→ EXERCISE REQUIREMENTS
Reproduce every line below exactly as written; do not include the images.

Saved entries:
=== Section Start ===
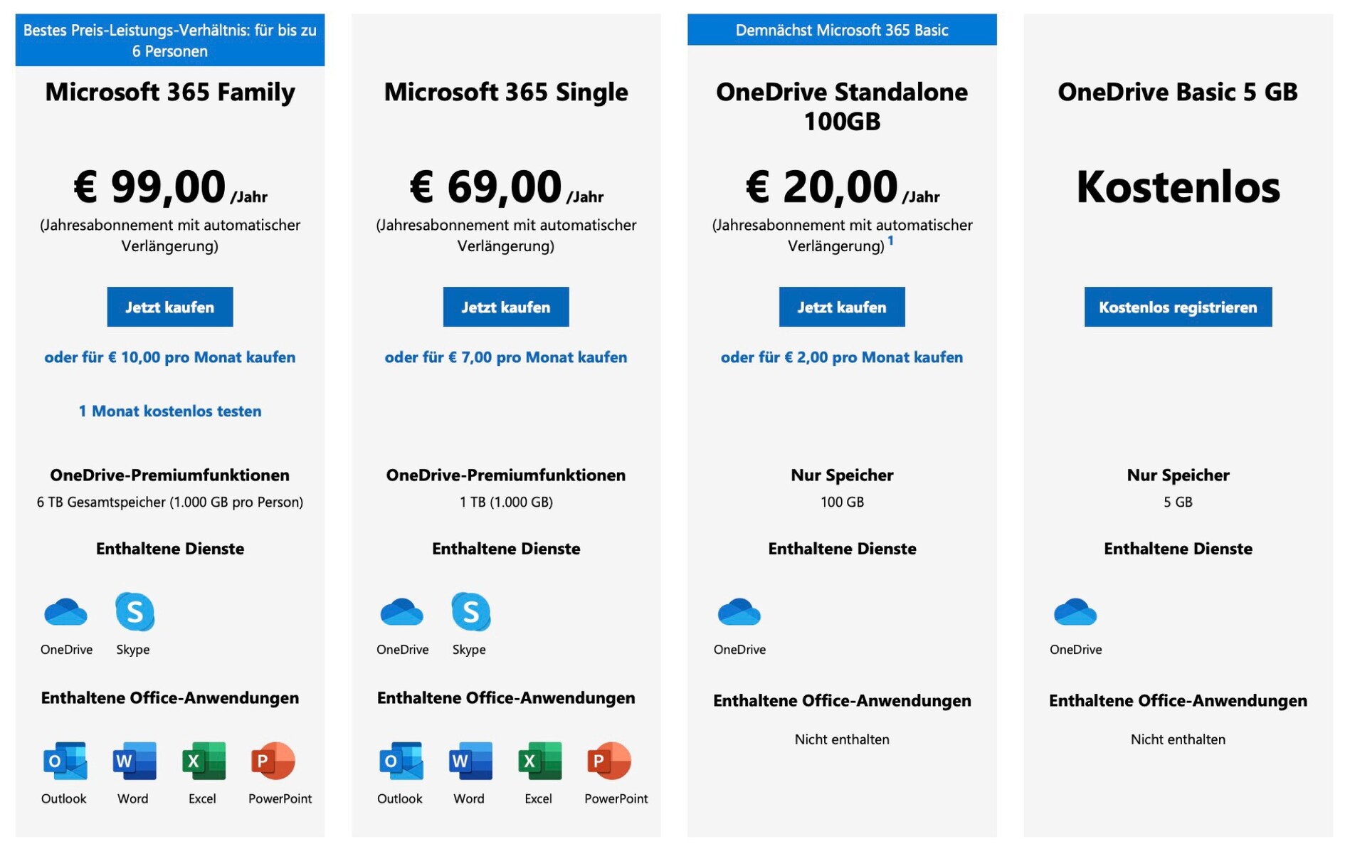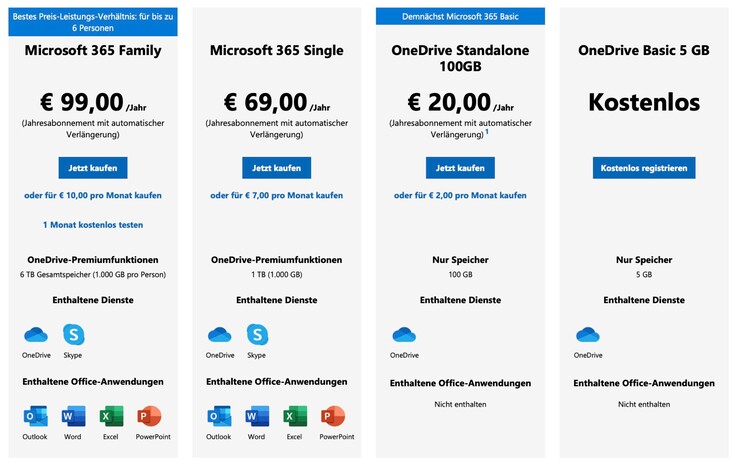 Dasselbe gilt für die beliebten Office-Apps Word, PowerPoint, Excel und OneNote, die weiterhin nur im Microsoft 365 Single-Abonnement angeboten werden, das inklusive 1 TB Cloud-Speicher 7 Euro pro Monat oder aber 69 Euro pro Jahr kostet. Über das Family-Abonnement kann dieser Zugang für 99 Euro pro Jahr mit bis zu sechs Personen geteilt werden. Microsoft weist darauf hin, dass die Web-Versionen der Office-Anwendungen ohnehin kostenlos verfügbar sind, solange der Nutzer einen Microsoft-Account besitzt. Nähere Details zu den unterschiedlichen Abonnements, die Microsoft anbietet, gibt es auf der Webseite des Unternehmens.
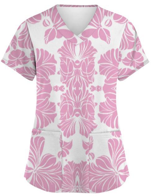 국경 간 대외 무역 아마존 AliExpress 새로운 여성 V-목 간호 착용 반팔 여름 캐주얼 프린트 티셔츠 탑
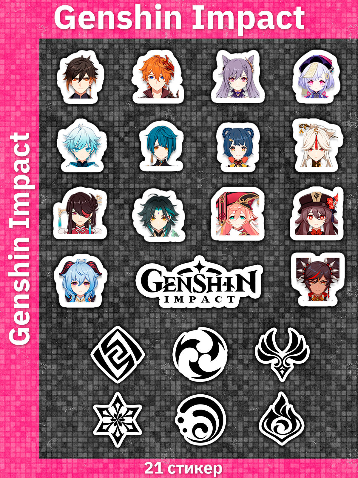 Стикерпак Genshin Impact (Геншин Импакт) / Наклейки 21шт.
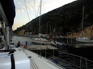 arrivati a kassiopi troviamo posto di prua ma c'è un caldo opprimente, era meglio la baia, ma se stasera vogliamo la feta, ci tocca!
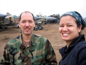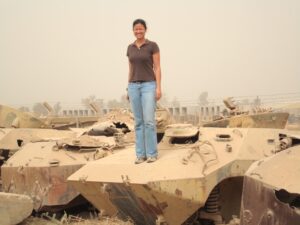 Becky on top of an abandoned T-72; Balad MiG-23 graveyard
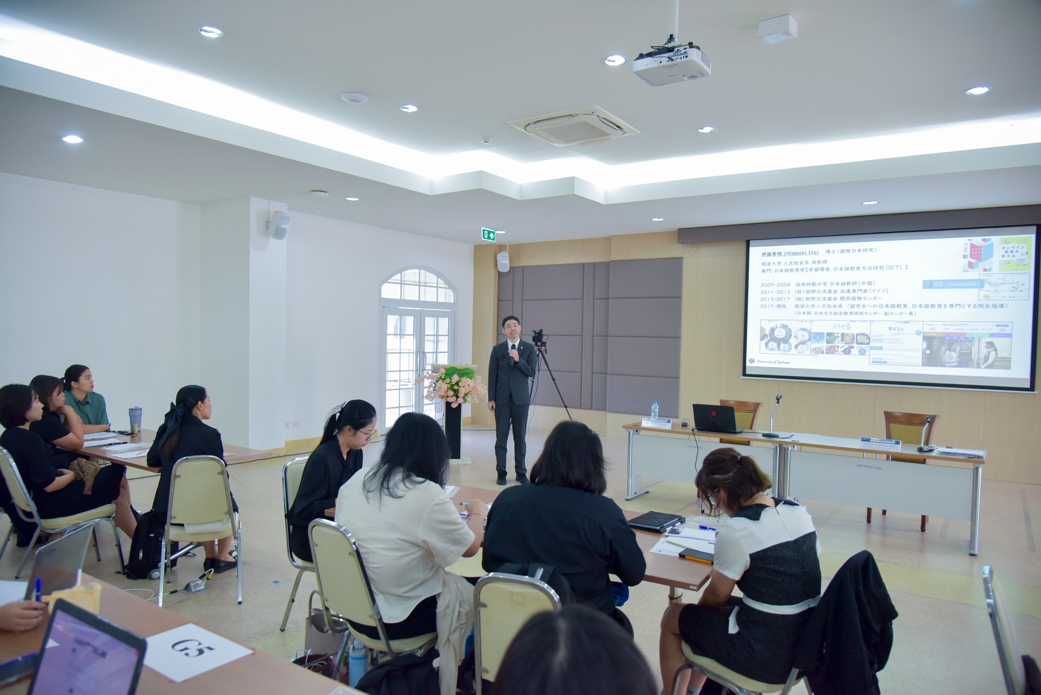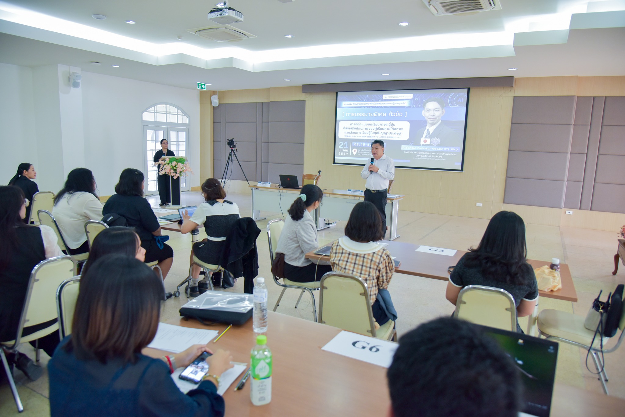 The event featured a special lecture by Associate Professor Dr. Hideaki Ito from the University of Tsukuba, Japan, on "Designing Japanese Language Lessons that Enhance Learners' Potential in a Learning Environment in the Era of Artificial Intelligence." Additionally, a practical workshop was conducted on using specialized fonts to create digital Japanese learning materials, led by an expert from the Morisawa font company. A team of Japanese language teaching faculty from Khon Kaen University, including
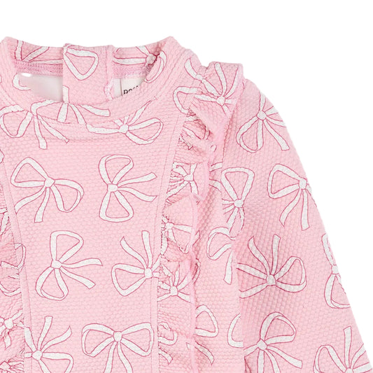 Bows Print on Light Pink Long-Sleeve One-Piece Swimsuit
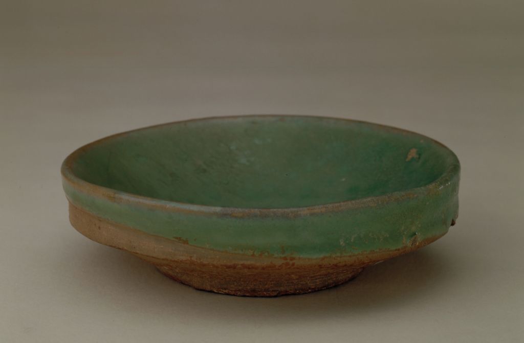 邛窑绿釉灯盏,唐,高3.7厘米,口径13厘米,底径6.8厘米。
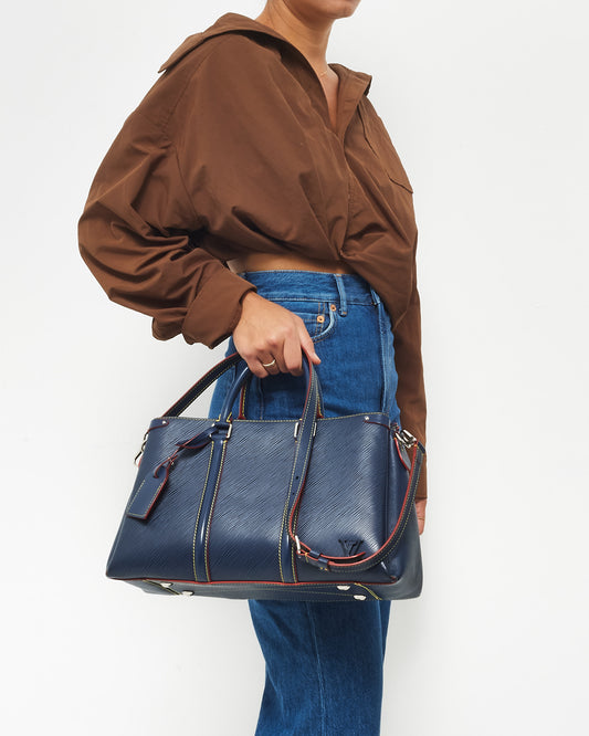 Navy Blue Epi Leather & Red Trim Souffot MM Bag
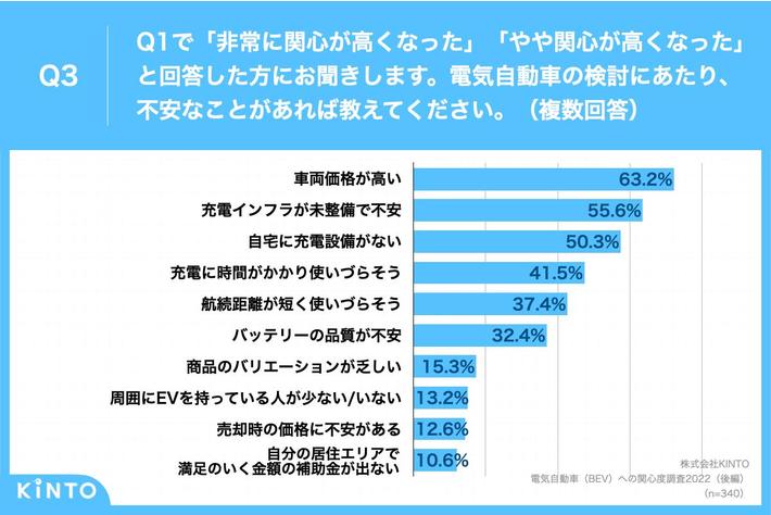 Q3. 電気自動車に興味はあるものの不安なこと、「車両価格が高い」が63.2%で最多
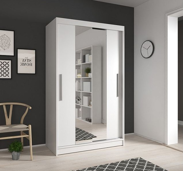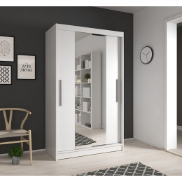 Univerzální víceúčelová šatní skříň v barvě bílé, může být využita v jakékoliv místnosti. Pokud tedy sháníte skříň do menších prostor, pak neváhejte a pořiďte si moderní šatní skříň KARINA v délce 120 cm. Prostorná šatní skříň KARINA je vyrobena z lamina o síle 16 mm v barevném propojení bílá mat se zrcadlem, které vám opticky zvětší a projasní místnost. Její vnitřní členění je zhotoveno velice prakticky, kdy je k dispozici část policová a část s šatní tyčí. Díky tomuto uspořádání se vejde do skříně opravdu mnoho oblečení.
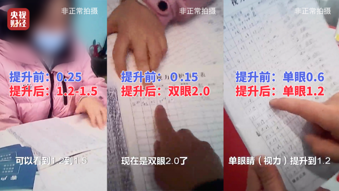 《财经调查》的记者发现,有一家专做视力提升生意的连锁机构对外声称他们可以让孩子们不打针、不吃药、不手术,仅仅用他们研制的“神药”“神奇的仪器”进行眼部按摩、涂抹、雾化,就能帮助孩子提升视力、轻松摘掉眼镜。
=== Section End ===
→ EXPECTED ANSWER
 Dasselbe gilt für die beliebten Office-Apps Word, PowerPoint, Excel und OneNote, die weiterhin nur im Microsoft 365 Single-Abonnement angeboten werden, das inklusive 1 TB Cloud-Speicher 7 Euro pro Monat oder aber 69 Euro pro Jahr kostet. Über das Family-Abonnement kann dieser Zugang für 99 Euro pro Jahr mit bis zu sechs Personen geteilt werden. Microsoft weist darauf hin, dass die Web-Versionen der Office-Anwendungen ohnehin kostenlos verfügbar sind, solange der Nutzer einen Microsoft-Account besitzt. Nähere Details zu den unterschiedlichen Abonnements, die Microsoft anbietet, gibt es auf der Webseite des Unternehmens.
 국경 간 대외 무역 아마존 AliExpress 새로운 여성 V-목 간호 착용 반팔 여름 캐주얼 프린트 티셔츠 탑
 Стикерпак Genshin Impact (Геншин Импакт) / Наклейки 21шт.
 arrivati a kassiopi troviamo posto di prua ma c'è un caldo opprimente, era meglio la baia, ma se stasera vogliamo la feta, ci tocca!
 Becky on top of an abandoned T-72; Balad MiG-23 graveyard
 The event featured a special lecture by Associate Professor Dr. Hideaki Ito from the University of Tsukuba, Japan, on "Designing Japanese Language Lessons that Enhance Learners' Potential in a Learning Environment in the Era of Artificial Intelligence." Additionally, a practical workshop was conducted on using specialized fonts to create digital Japanese learning materials, led by an expert from the Morisawa font company. A team of Japanese language teaching faculty from Khon Kaen University, including
 Bows Print on Light Pink Long-Sleeve One-Piece Swimsuit
 邛窑绿釉灯盏,唐,高3.7厘米,口径13厘米,底径6.8厘米。
 Navy Blue Epi Leather & Red Trim Souffot MM Bag
 Q3. 電気自動車に興味はあるものの不安なこと、「車両価格が高い」が63.2%で最多
 Univerzální víceúčelová šatní skříň v barvě bílé, může být využita v jakékoliv místnosti. Pokud tedy sháníte skříň do menších prostor, pak neváhejte a pořiďte si moderní šatní skříň KARINA v délce 120 cm. Prostorná šatní skříň KARINA je vyrobena z lamina o síle 16 mm v barevném propojení bílá mat se zrcadlem, které vám opticky zvětší a projasní místnost. Její vnitřní členění je zhotoveno velice prakticky, kdy je k dispozici část policová a část s šatní tyčí. Díky tomuto uspořádání se vejde do skříně opravdu mnoho oblečení.
 《财经调查》的记者发现,有一家专做视力提升生意的连锁机构对外声称他们可以让孩子们不打针、不吃药、不手术,仅仅用他们研制的“神药”“神奇的仪器”进行眼部按摩、涂抹、雾化,就能帮助孩子提升视力、轻松摘掉眼镜。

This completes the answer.